Perfume, Eau de Parfum, Eau de Toilette, Eau de Cologne: What’s the Difference?!

This movie/book is vaguely related to the topic at hand and the guy is sniffing something.

If you thought all perfumes were just liquids that smelled kind of nice, you would be correct, technically, but you would also be vastly oversimplifying things. It turns out that there is a method to the madness behind all the different names on perfume bottles: “perfume (extract),” “eau de parfum,” “toilette,” and “cologne” all refer to the concentration of aromatic compounds in a solvent (which itself is usually comprised of ethanol and water). Perfume (aka perfume extract or “extrait”) is the most potent formulation, with 15-40% (usually 20%) aromatic compounds; eau de parfum (or “eau de perfume”), between 10-20% (around 15%); and eau de toilette, 5-15% (typically 10%). Needless to say, the stronger the formulation, the more intense the scent.

Notes

In perfumery, the component scents that make up a fragrance are described as “notes.” The smells that emerge over time are designated as top, middle, or base notes. Top notes, also known as “head” notes, are the scents immediately perceived upon application; middle, or “heart” notes, are the compounds that form the body of a fragrance, emerging just prior to the fading of the top notes; and base notes, which, together with the middle notes of a perfume, make up the body of the scent.

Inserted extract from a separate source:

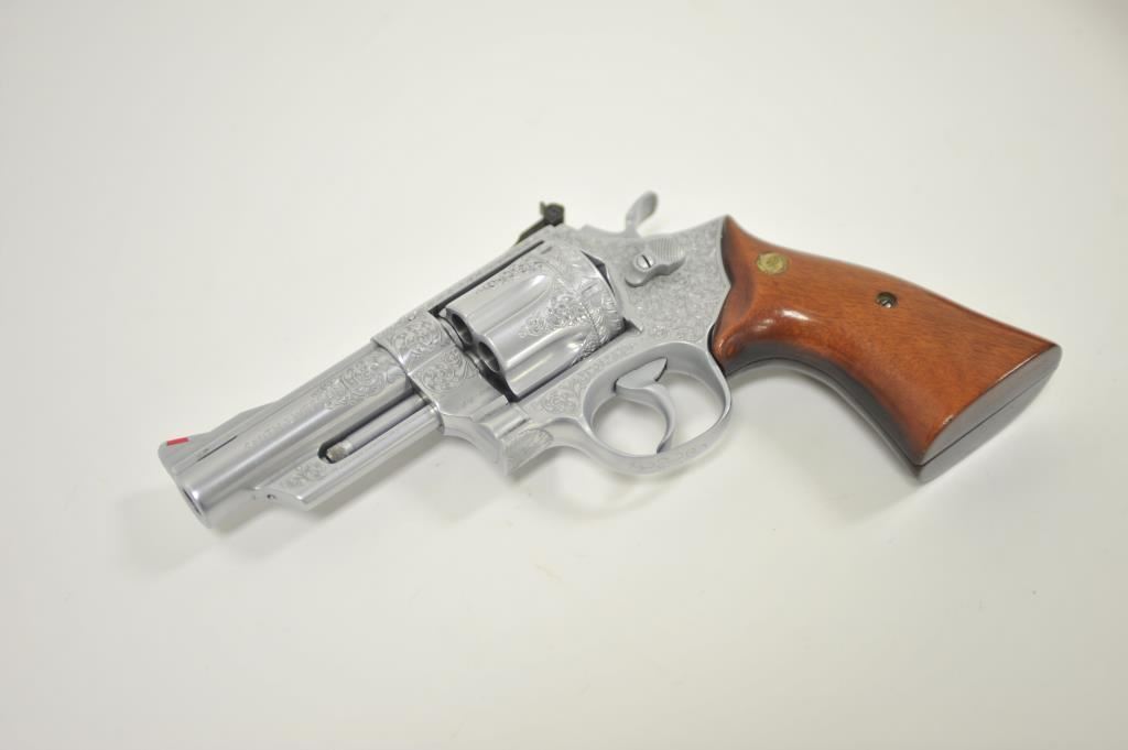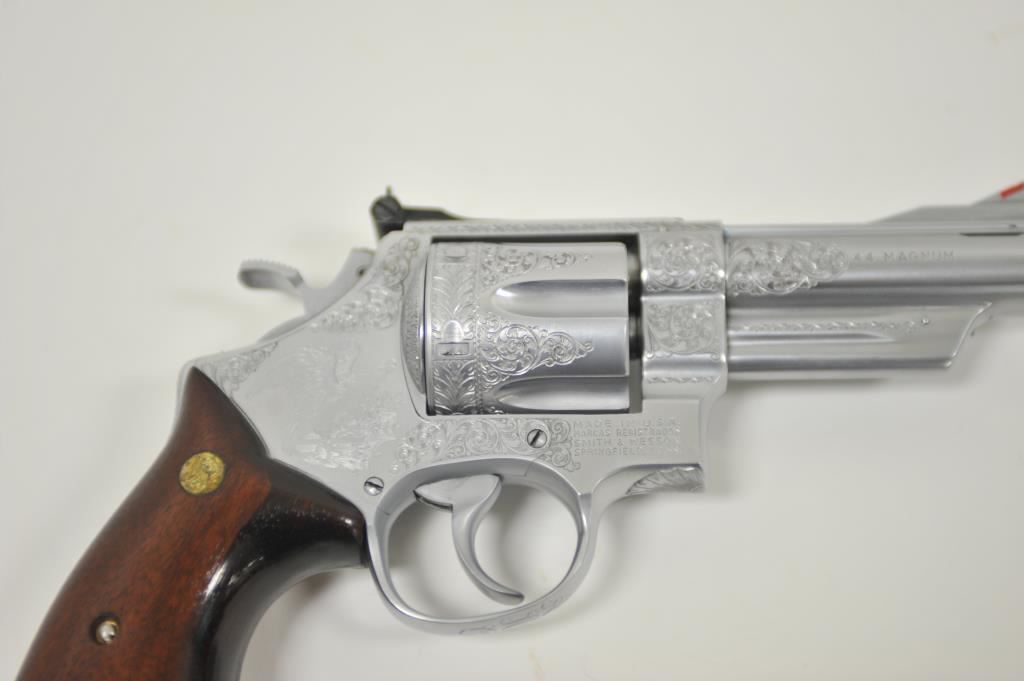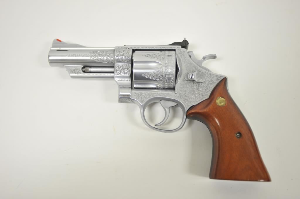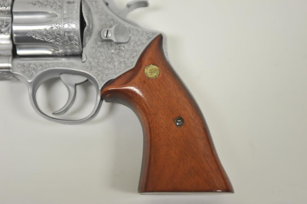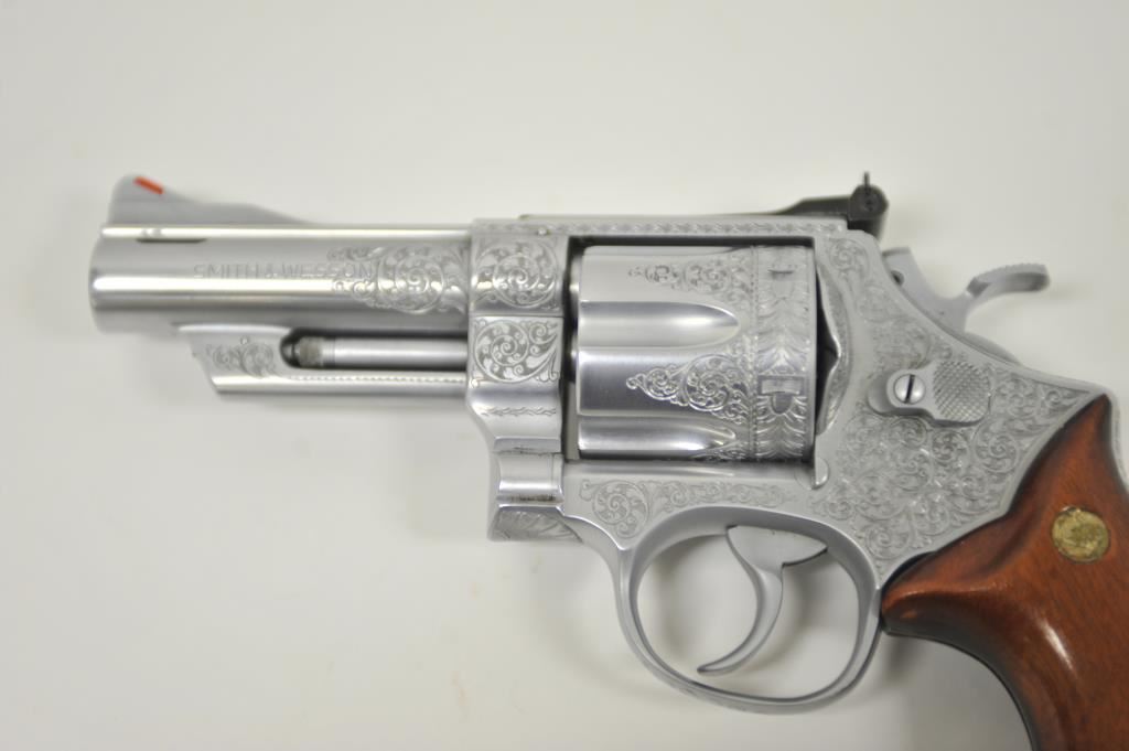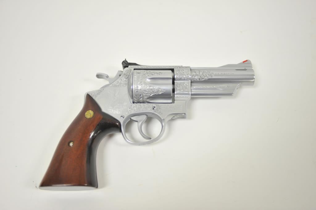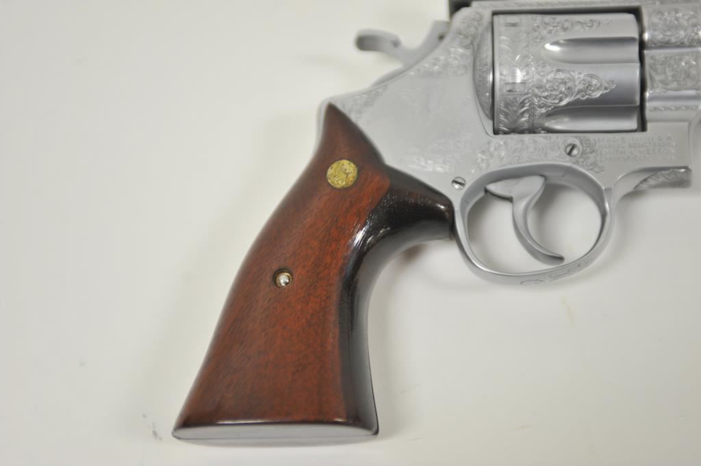 Smith & Wesson Model 29-2 DA revolver, custom engraved and specially alloy-plated per consignor to make impervious to erosion, etc.; .44 Magnum caliber, 4” ported barrel, smooth wood medallion combat grips, S/N N307954; overall fine to excellent condition showing little use or handling; finely accomplished scroll engraving with panel scene of eagle on right rear side of frame and initials “AHC” on bottom of trigger guard; accompanied by a factory wood presentation case. (Modern/NO CAL. SALE). Est.: $1,500-$3,000.

More gratuitous use of One Direction gifs.

Lingo

Perfumery has its own lexicon for describing the component scents of a fragrance; as such, reading about a perfume can pointless, not to mention frustrating, if one does not know what the hell is being referred to. Here are the definitions (from the glossary of the wonderful site The Perfumed Court) of some words commonly used in more intricate or upscale perfumery (which I myself had not been aware of until I looked them up, to give you an idea):

Aldehyde: A highly-reactive chemical compound made by oxidizing different alcohols to make resins and organic acids.
Chypre: Chypre is an ancient perfume, originally combining fresh citrus notes with oakmoss and some animalic notes. The Romans used to produce a perfume in Cyprus, the Greek Island; Cyprus in French is Chypre. It contained storax, labdanum and calamus and smelled heavy and Oriental. It continued to be manufactured throughout the Middle Ages in Italy and then in France, with oakmoss at its base. About 100 years ago, Coty made his famous Chypre fragrance in 1917 that was based on the contrast of a citrusy top note and the pungent, earthy oakmoss base note. The main ingredients of a Chypre are oakmoss, patchouli, labdanum or clary sage, with the addition of floral middle notes such as rose-jasmine and a bright sweet top note of bergamot or lemon. In order to qualify as a classic chypre, the basic cord must always be bergamot-oakmoss-labdanum. Today, however, many “modern” chypres do not share this accord and are classed as “mossy woods” in the Michael Edwards system. Pronounced: sheep-ra.
Galbanum: A gum resin that imparts a “green” smell.
Labdanum: An aromatic gum that originates from the rockrose bush. The sweet woody odor is said to mimic ambergris and can also be used to impart a leather note.
Oud: Sometimes spelled oudh or aoud. The Arabic word for wood. In perfumery it usually refers to wood from the agar tree.
Vetiver: A grass with heavy, fibrous roots, which are used to distill an oil with the scent of moist earth with woody undertones.

Application

Fragrance is best applied to pressure points and/or places where there is a lot of blood flow. Behind the ears, the base of the neck, wrists, insides of the elbows, backs of the knees, and in the cleavage are good places to spritz. Putting on lotion or vaseline to wherever you plan to spray perfume may also help it last longer, as you are giving the scent something to stick to.

There you have it: a primer on all things nice and smelly! Go forth and spend lots of money on inventive perfumes!